Relation between the time to tracking failure and the total dose of irradiation for PBN

Figure 13.

Relation between the time to tracking failure and the total dose of irradiation for PET

Figure 14.

Relation between the time to tracking failure and the total dose of irradiation for PBT

The time to tracking failure of all samples decreases with the decrease of the pulse interval. When the pulse interval decreases, electron emission from the electrode becomes more frequent, the heat caused by the discharge energy makes the carbon chain of the molecules broken increases, and the carbon conductive path of polymer surface forms more steadily. As a result, the time to tracking failure decreases. In addition, at the pulse interval of 10 ms, the accurate time to tracking failure is not shown from Figs. 12 to 14 as the tracking failure does not occur until 300 s under the same condition as pulse intervals of 7 ms and 5 ms.

The discharge quantity is a token of the heat-durability. The tracking failure mainly depends upon the heat energy formed by the discharge. If discharge quantity is smaller, it suggests that the carbon chain is more difficult to be broken. The relationship between the discharge quantity and the total dose of irradiation before tracking failure for 600 discharges under 100 kPa and 1 kPa are shown in Figs 15, 16 and 17. The discharge quantity decreases with PBN and PET, but increases with PBT with increasing the total dose of irradiation. From Figs. 15 to 17, with the decrease of the atmospheric pressure, the discharge quantity of PBN and PET increase, but decrease with PBT.

Figure 15.

Relation between the discharge quantity and the total dose of irradiation for PBN.

The discharge quantity of PBN and PET decrease with the increase of the total dose, which suggests that the thermal properties of tracking resistance are improved and the tracking failure becomes more difficult.
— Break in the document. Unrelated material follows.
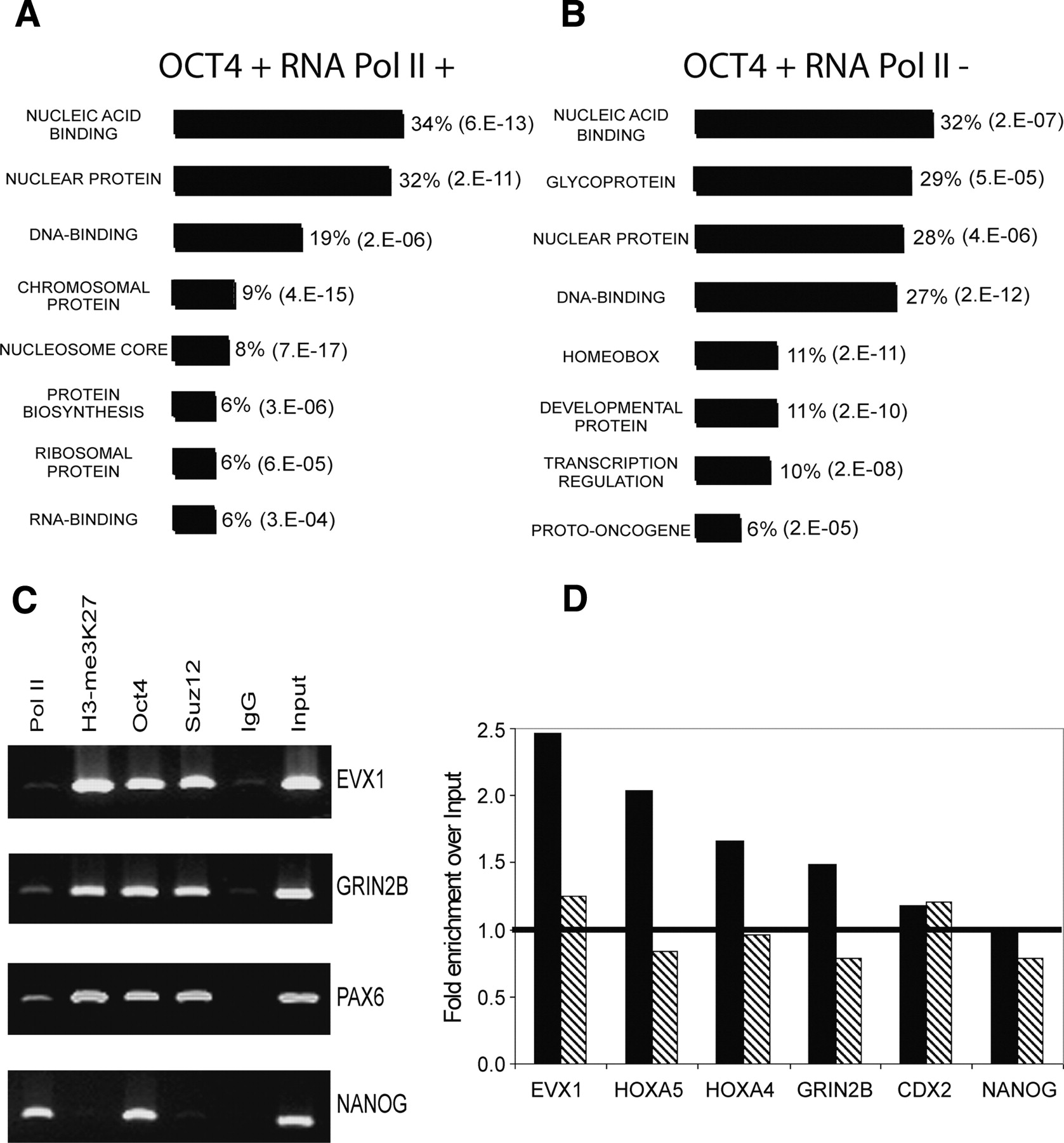 Promoters bound by both SUZ12 and OCT4 in Ntera2 cells. DAVID analysis of the set of (A) OCT4+ RNAPII+ and (B) OCT4+ RNAPII− promoters in Ntera2 cells. Shown in parentheses are the P-values, which indicate the probability that the category has been identified by random chance. The entire list of OCT4 targets (having known function) can be found as Supplemental Table S8. (C) PCR analysis of amplicons prepared from Ntera2 ChIP samples obtained using antibodies to the indicated proteins. The NANOG promoter was used for a known OCT4 target gene; NANOG was not expected to be bound by SUZ12 because it is expressed at high levels in Ntera2 cells (i.e., it is an OCT4+ RNAPII+ promoter target). (D) PCR analysis of amplicons prepared from SUZ12 ChIP samples after siRNA-mediated knockdown of OCT4 (hatched bars) or introduction of a control siRNA (black bars) in Ntera2 cells. The horizontal black bar indicates the SUZ12/Total ratio that is expected for nontarget promoters such as NANOG (nontarget genes should show a ratio of ∼1 when equivalent amounts of amplicons prepared from ChIP and total samples are analyzed).

This fact is due to the occurrence of the cross-linking reaction. With the increase of the total dose of irradiation, the discharge quantity increase with PBT, which suggests that the thermal properties are worsened and the tracking failure becomes easier. The reason for this is due to the degradation reaction by irradiation.

Figure 16.

Relation between the discharge quantity and the total dose of irradiation for PET

The discharge quantity of PBN and PET increase with decreasing the atmospheric pressure. Under the reduced atmospheric pressure, the density of the gases is decreased, the speed of electron becomes fast, and the surface more readily causes the discharging. As a result, the discharge quantity increases with the decrease of the atmospheric pressure. The discharge quantity decreases with decreasing the atmospheric pressure for PBT. It is because under the reduced atmospheric pressure, the probability of the oxidation reaction of PBT surface and the cracked gas decrease with the decrease in the oxygen content. The carbon deposition of PBT by the ignition to the surface increases, and the discharges can not completely take place due to the decomposed carbon, so the total discharge quantity of PBT under the reduced atmospheric pressure is smaller.

Figure 17.

Relation between the discharge quantity and the total dose of irradiation for PBT

From Figs. 15 to 17, discharge quantity of PBN and PET increased with the decreasing the pulse interval, but the tendency is opposite for PBT. The discharge quantity is bigger in shorter pulse interval because the higher accumulative heat quantity of consecutive discharge is, the more quickly tracking failure occurred. For PBN and PET, tracking failure is more difficult due to the inherent carbonization property and the discharge is continuous. The formation of carbon conductive path is gradual, and the discharge quantity is bigger at the shorter pulse interval. For PBT, the formation of carbonization and tracking failure are easier. It is observed that short-circuit forms in a very short time, and the discharge is discontinuous. At the shorter pulse interval, the carbonization forms more quickly and the brief short-circuit occurs more frequently, which causes the discharges cannot completely take place, so the total discharge quantity is smaller.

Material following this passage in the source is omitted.